In the acupressure group, the mean of the emotional dimension of perineal pain intensity decreased but the differences were not statistically significant compared to the cupping therapy group. This might be due to the same reason mentioned for the sensory dimension. Moreover, the continuous presence of the researcher beside the patients during the intervention and the follow-up has been of great help in improving the patients’ emotional status. Jahdi et al. (2012) conducted a clinical trial on 60 primiparous women in Kamali hospital, Karaj, Iran in order to investigate the effect of lavender extract on reduction of the perineal pain. A significant difference was found between the two groups regarding the pain criteria 4 hr (p=0.002) and 5 days (p<0.001 ) after episiotomy. however, no significant difference was observed between the two groups after 12 hr (p=0.066) (33). Using the plant extracts for treating the diseases has always been important in traditional medicine.

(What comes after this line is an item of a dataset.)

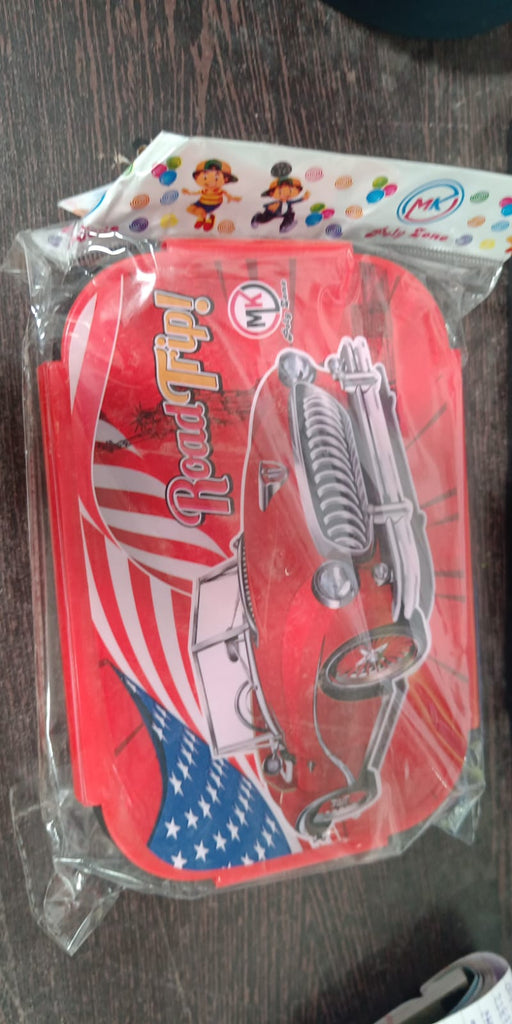 5982 Beautiful Car Design Printed Plastic Lunch Box With Inside Small Box & Spoon for Kids, Air Tight Lunch Tiffin Box for Girls Boys, Food Container, Specially Designed for School Going Boys and GirlsÂ

Furthermore, Oliveira et al. (2012) performed a research in Brazil in order to assess the effect of using local ice packs for various time periods on perineal pain resulting from trauma during delivery. According to the results, pain reduced for above 50% in 72.8% and for 30-50% in 21.9% of the subjects. In addition, all the study participants were satisfied with using the ice packs (34). Moreover, Santos et al. (2012) carried out a clinical trial in Australia in order to study the effect of low-level laser therapy on improvement of perineal pain resulting from episiotomy in primiparous women. Laser therapy was directly performed on three perineal points after episiotomy suturing for three sessions. Then, the intensity of perineal pain was assessed using a scale containing 10 scores. The study results revealed a significant reduction in the intensity of pain in the second and third sessions of laser therapy compared to the first session (p=0.003 and p=0.001, respectively) (35). Application of acupuncture on the right ankle could mobilize the blocked energy flow, affect the genital organs’ function, and reduce the pain. It seems that in case of acupressure point is easily accessible to the researcher, the intervention will be accompanied by a higher success rate.
Up to now, the findings of various studies have supported the use of traditional medicine in treatment of diseases and no complications have been reported in this regard to affect its efficiency and safety. In this study, the intensity of pain decreased in both intervention groups, but a significant reduction of pain was found in the cupping therapy group. Therefore, both cupping therapy and acupressure can be considered as effective methods for reduction of postpartum perineal pain in primiparous women.0.001>
Conclusion
The findings of the present study showed that postpartum pain reduced in both intervention groups, but a significant reduction was found in the cupping therapy group. Therefore, both cupping therapy and acupressure can be considered as effective methods for reduction of postpartum anxiety in primiparous women. Of course, further studies are required to be conducted on the issue in order to confirm the obtained results.
Acknowledgement
The present article was extracted from the thesis written by Ms. Mehrnoosh Ghaemmaghami (proposal No. 91-6341, IRCT: 2013072611944N2).
This study was financially supported by the Research Vice-chancellor of Shiraz University of Medical Sciences, Shiraz, Iran. Hereby, the authors would like to thank the head of Hafez hospital and all the women who kindly cooperated in the study. The authors would like to thank Dr Shokrpour in clinical research center in Nemazee hospital of Shiraz University of Medical Sciences for improving the language of the manuscript.
Conflict of Interest
Authors declare no conflict of interests.